RAW DATA:
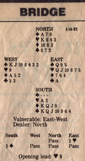 After the Chief passed as dealer, Siegfried, the German who runs a prison camp and dog pound somewhere in New Jersey, opened with a weak two-bid in hearts. This gave Max a problem. Even though his partner was a passed hand, it was still possible that they could make a slam. Yet where were all the spades? He decided to bid the contract he thought he could make: five clubs.
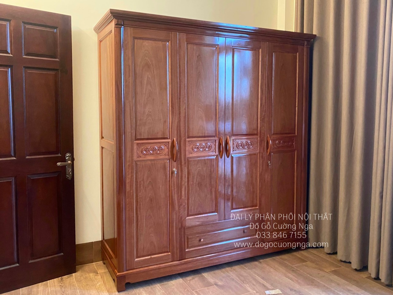 Tủ quần áo gỗ xoan đào 4 cánh giá rẻ
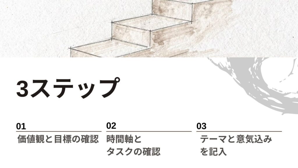 これからご紹介する「価値観ベースデイリープラン」は、はじめての方でも安心して取り組める3ステップで進めます。「難しそう…」と感じている方こそ、ぜひ一緒にチャレンジしてみましょう。あなたの毎日が、少しずつ理想に近づきますように。

ASSIGNMENT: Reproduce every line of the data above, exactly as it stands, but not the pictures.

RESPONSE BOX:
 After the Chief passed as dealer, Siegfried, the German who runs a prison camp and dog pound somewhere in New Jersey, opened with a weak two-bid in hearts. This gave Max a problem. Even though his partner was a passed hand, it was still possible that they could make a slam. Yet where were all the spades? He decided to bid the contract he thought he could make: five clubs.
 Tủ quần áo gỗ xoan đào 4 cánh giá rẻ
 これからご紹介する「価値観ベースデイリープラン」は、はじめての方でも安心して取り組める3ステップで進めます。「難しそう…」と感じている方こそ、ぜひ一緒にチャレンジしてみましょう。あなたの毎日が、少しずつ理想に近づきますように。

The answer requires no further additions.